Ok. Worked it out. The Filesystem, where the script resides was mounted with noexec! This is the reason, why the bash-script gets "Permission denied". I bind a new folder to the docker-container, which is mounted "exec". Now the script is executed. Information regarding this issue is found only in the docker-logs. Now there are only remain my questions 3 and 4.

0 replies

jonaswinkler · 2021-01-12T16:19:53Z

jonaswinkler
Jan 12, 2021
Maintainer

No, the post consume script is expected to be a file. However, you can

chmod +x the python script
add #!/usr/bin/python3 to the first line
provide an absolute or relative (starting with ./) path to the python file to paperless.

Yes.

You can also bind mount single files into the container if you do not wish to put that into the consumption directory.

0 replies

andbez · 2021-01-12T21:28:02Z

andbez
Jan 12, 2021
Author

Finished. Everythink works. My first post-hook-script. It tries to extract a 6-digit number from the title and content of the document. If it finds a matching number and it is not used already by any other document it writes it to the ASN-Field in the database (currently only postgresql is supported). If somebody is interested, i can provide the file. May be it can be found a repository to provide such hook-scripts.
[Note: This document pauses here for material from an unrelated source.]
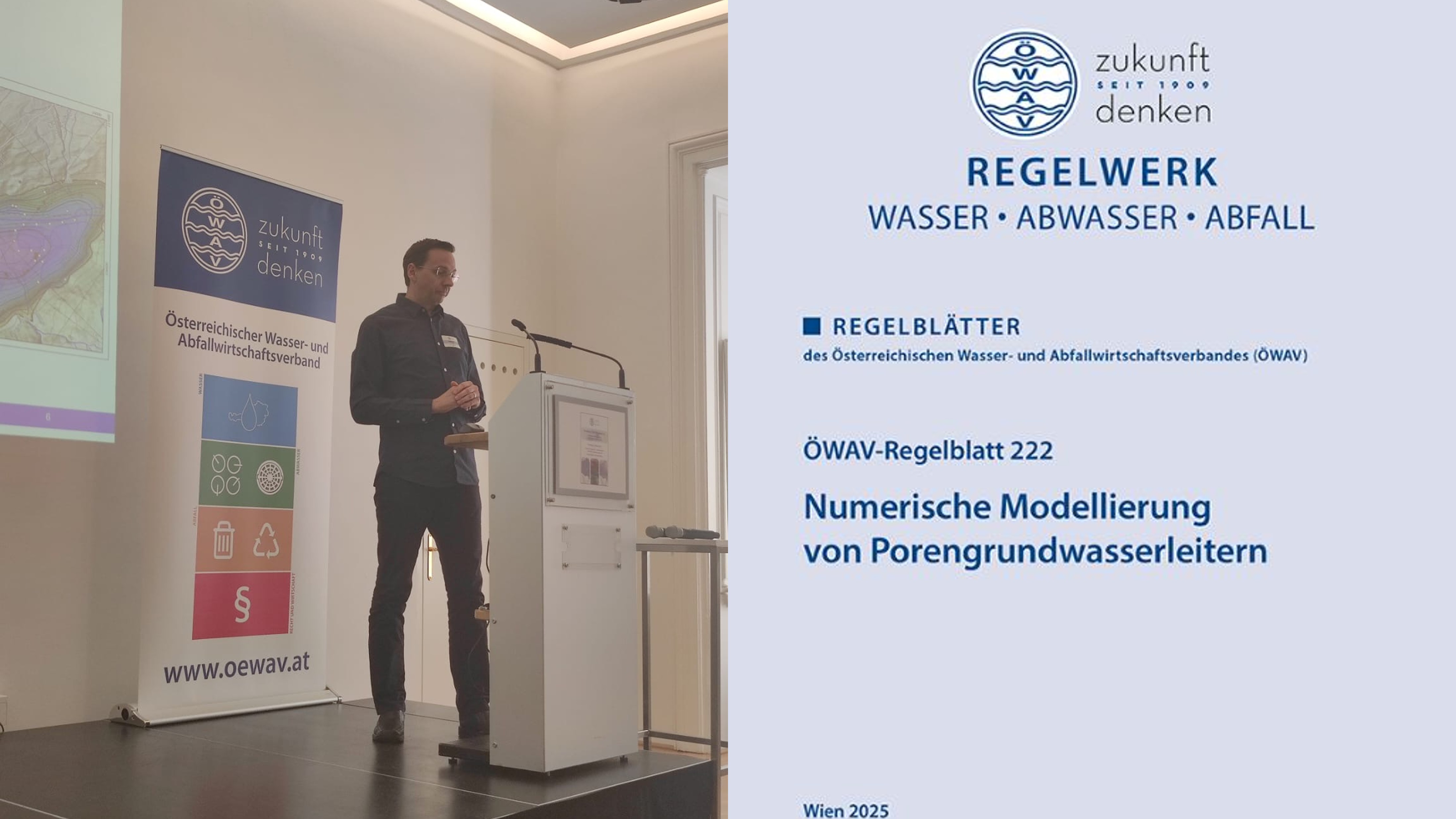 Artikel lesen ...Die TK CONSULT AG aus Zürich war an der Erstellung des neuen ÖWAV-Regelblatts 222 zur numerischen Modellierung von Porengrundwasserleitern beteiligt. Das im Februar 2025 veröffentlichte Dokument bietet praxisorientierte Leitlinien für Fachleute, Auftraggeber und Behörden. Beim Vorstellungsseminar des Regelwerks in Wien präsentierte die TK CONSULT AG die Anwendung des Grundwassermodells Aussermontafon im Auftrag des Landes Vorarlberg.

Thx for your support.

1 reply

e-patrick May 28, 2021

Hi andbez,
Looks like you have already achieved what I was still looking for 👍
Would you be willing to share your hook script?
In the first place, I had the idea to print a couple sheets of small labels, each with QR code containing an unique ASN, so that I just could stick one of those labels to each document, but then I would need to identify and interpret this QR code in the scanned document, which would be a lot more complicated than your approach.
Now, I'll probably just get a numbering apparatus to easily stamp the number to the documents and rely on OCR to find it.
Regards,
Patrick

andbez · 2021-05-28T20:39:10Z

andbez
May 28, 2021
Author

asn.py.zip
Hi e-patrick,

sure, no problem. Please adjust Database, Databaseuser and Databasepassword for your environment. The script still works for me, just a few false positives when OCR is not working 100%. But that happens rarely.

Best,
andbez

1 reply

e-patrick May 28, 2021

Thanks a lot! I pretty sure it is going to work for me as well!
THX,
Patrick

jhqv · 2021-09-11T15:15:31Z

jhqv
Sep 11, 2021

Hi, has anyone in this thread (@e-patrick, @andbez) experienced issues with Paperless not being able to run the post consume script in a Docker container?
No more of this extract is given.